Senior SRE (Engineering & Reliability)
Job Summary:
We are seeking an experienced and dynamic Site Reliability Engineering (SRE) Lead to oversee the reliability, scalability, and performance of our critical systems. As an SeniorSRE, you will play a pivotal role in establishing and implementing SRE practices, leading a team of engineers, and driving automation, monitoring, and incident response strategies.
This position combines software engineering and systems engineering expertise to build and maintain high-performing, reliable systems.
 
Experience:7+ years
Key Responsibilities:
Reliability & Performance:
• Lead efforts to maintain high availability and reliability of critical services.

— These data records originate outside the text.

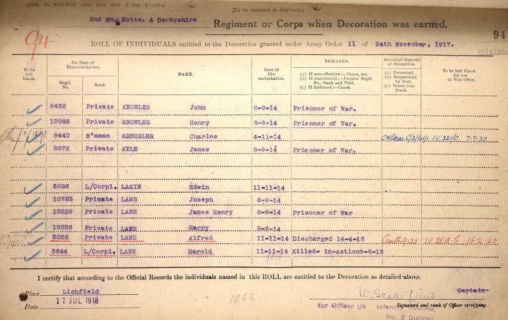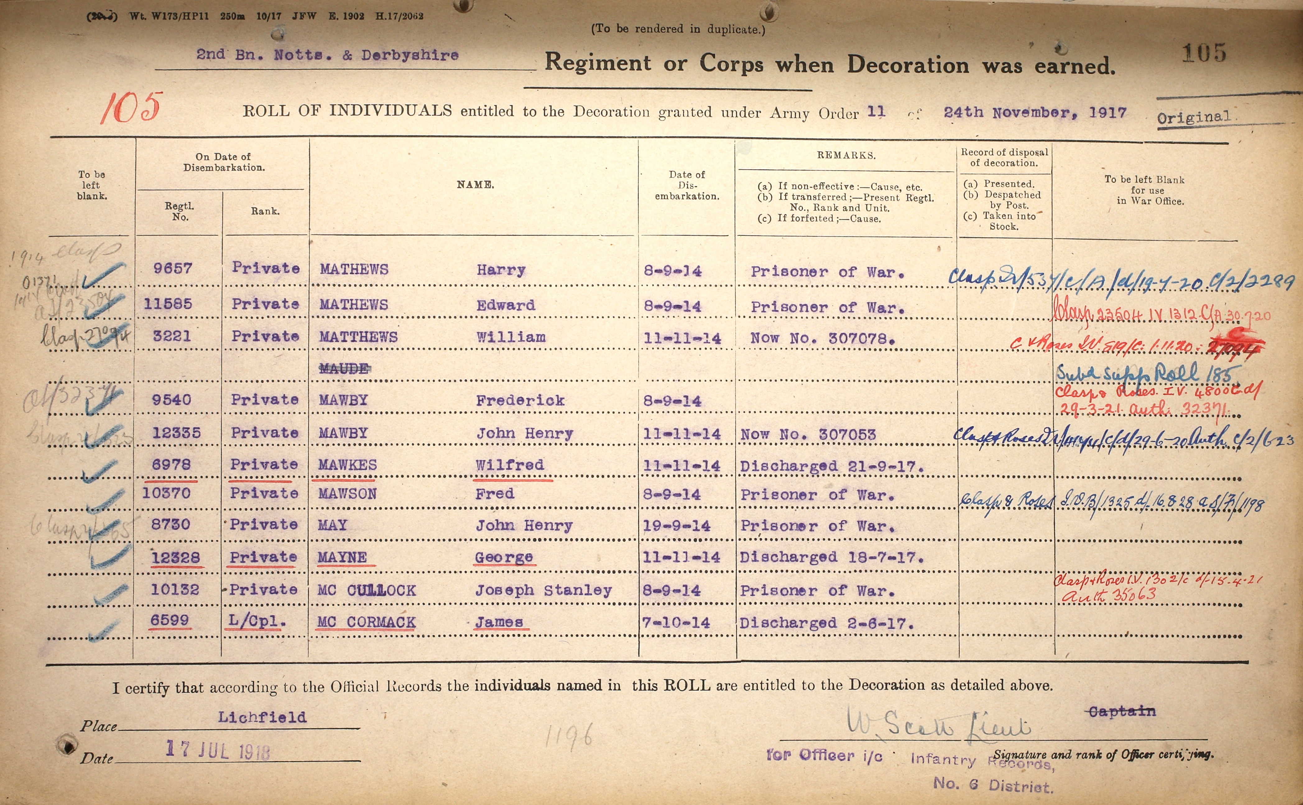 305752 Cpl Harold Tyne DCM was from Southwell and arrived in France in May 1915. See here.
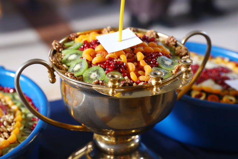 По заамвонной молитве Владыка Владимир с сослужащим духовенством совершил уставное молебное пение великомученику Феодору Тирону с чином освящением колива.
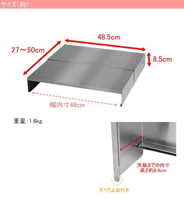 前後伸縮式で用途に合わせてハーフ〜フルカバーできるコンロカバー。 全部引き出して、コンロ全体をフルカバーして目隠しや猫除けとして。 半分の状態でフライパン置きや、作業台の延長で調味料や調理小物をちょい置き。 排気口の手前に立てかけて排気口カバーや油ハネガードとして。 1台で6役の賢いアイテム! 材質はステンレス製でサビに強く長持ちします。 アパートなど賃貸でよくある2口タイプコンロにぴったりです。 使う前に保護用のブルーシートをはがしてご使用ください。 (限界シールのみ貼ってください) |

• Define and monitor SLIs, SLOs, and SLAs to ensure business requirements are met.
• Proactively identify and resolve performance bottlenecks and system inefficiencies.

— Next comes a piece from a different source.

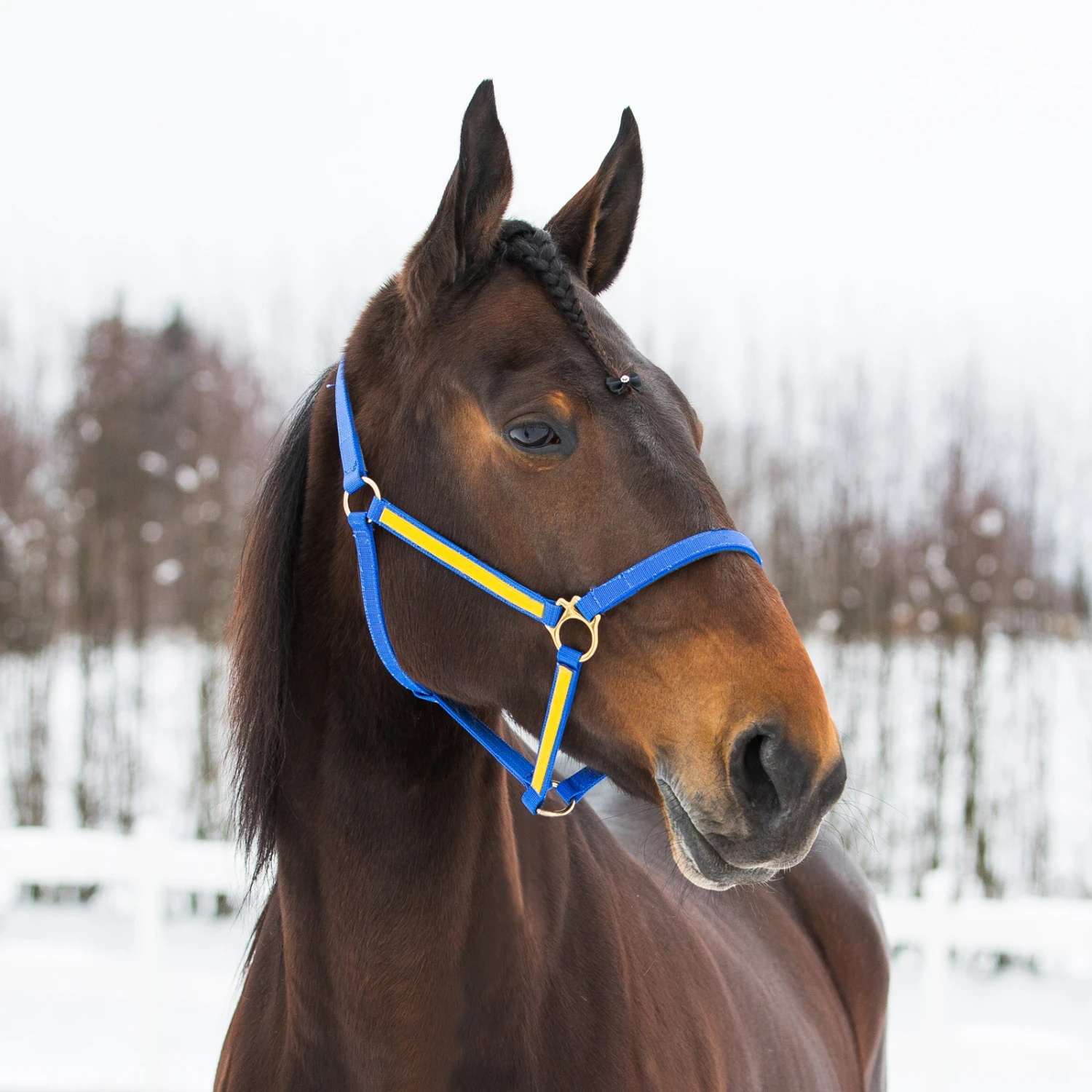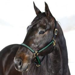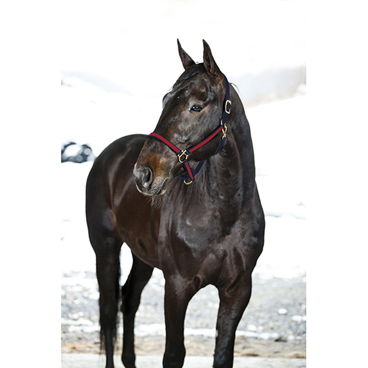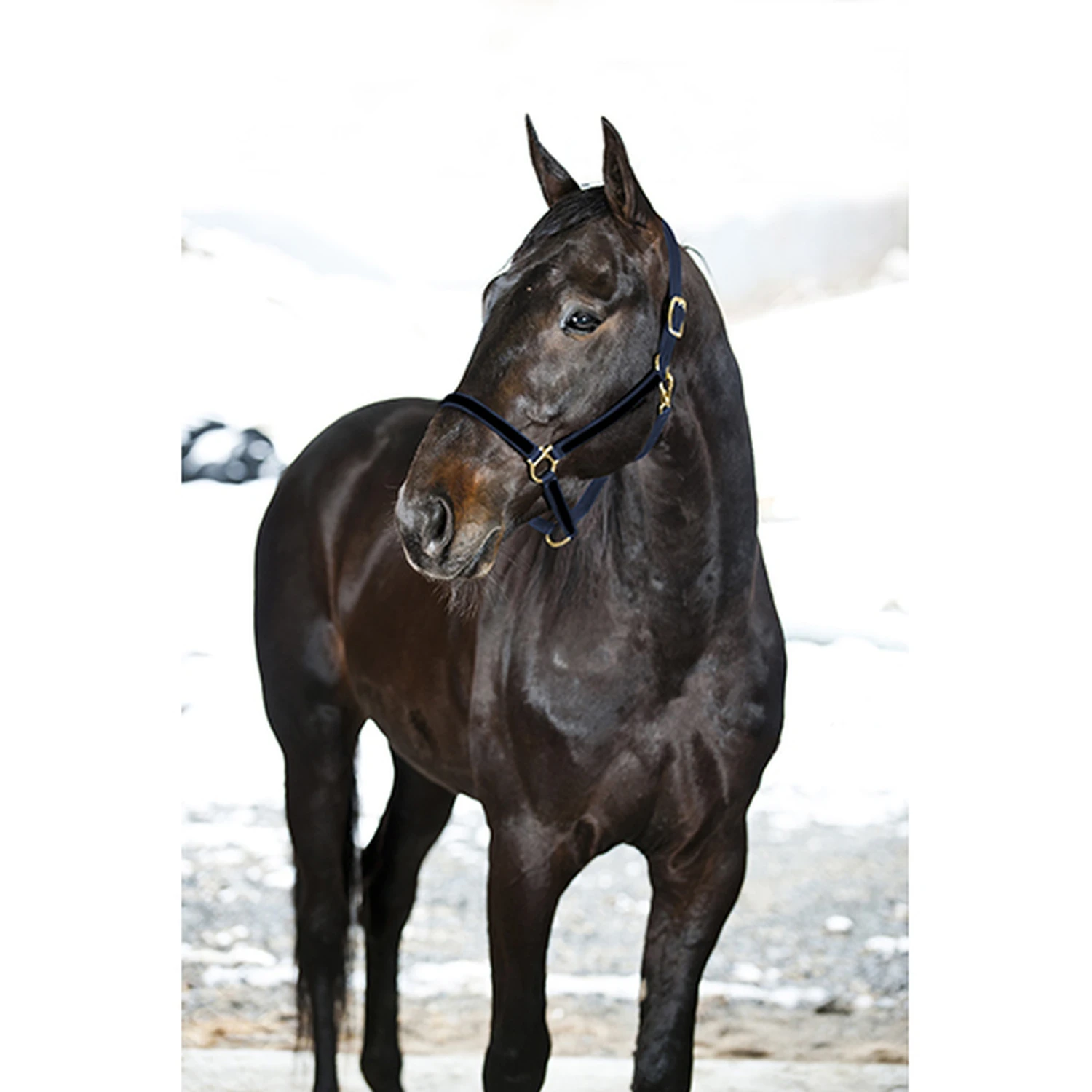 Finn-Tack Nylon Yankee Halfter, aus weich gepolstertem, 20mm starken Nylon gefertigt. Solide Messing-Beschläge und synthetisches Leder-Polster am Genick.

Incident Management & Response:   
• Establish and improve incident management processes and on-call rotations.
• Lead incident response and root cause analysis for high-priority outages.
• Drive post-incident reviews and ensure actionable insights are implemented.
Automation & Tooling:
• Develop and implement automated solutions to reduce manual operational tasks.
• Enhance system observability through metrics, logging, and distributed tracing tools (e.g., Prometheus, Grafana, Elastic APM).
 
• Optimize CI/CD pipelines for seamless deployments.
Collaboration:
• Partner with software engineering teams to improve the reliability of applications and infrastructure.
• Work closely with product/ engineering teams to design scalable and robust systems.
• Ensure seamless integration of monitoring and alerting systems across teams.
Leadership & Team Building:  
• Manage, mentor, and grow a team of SREs.
• Promote SRE best practices and foster a culture of reliability and performance across the organization.
• Drive performance reviews, skills development, and career progression for team members.
Capacity Planning & Cost Optimization:   
• Perform capacity planning and implement autoscaling solutions to handle traffic spikes.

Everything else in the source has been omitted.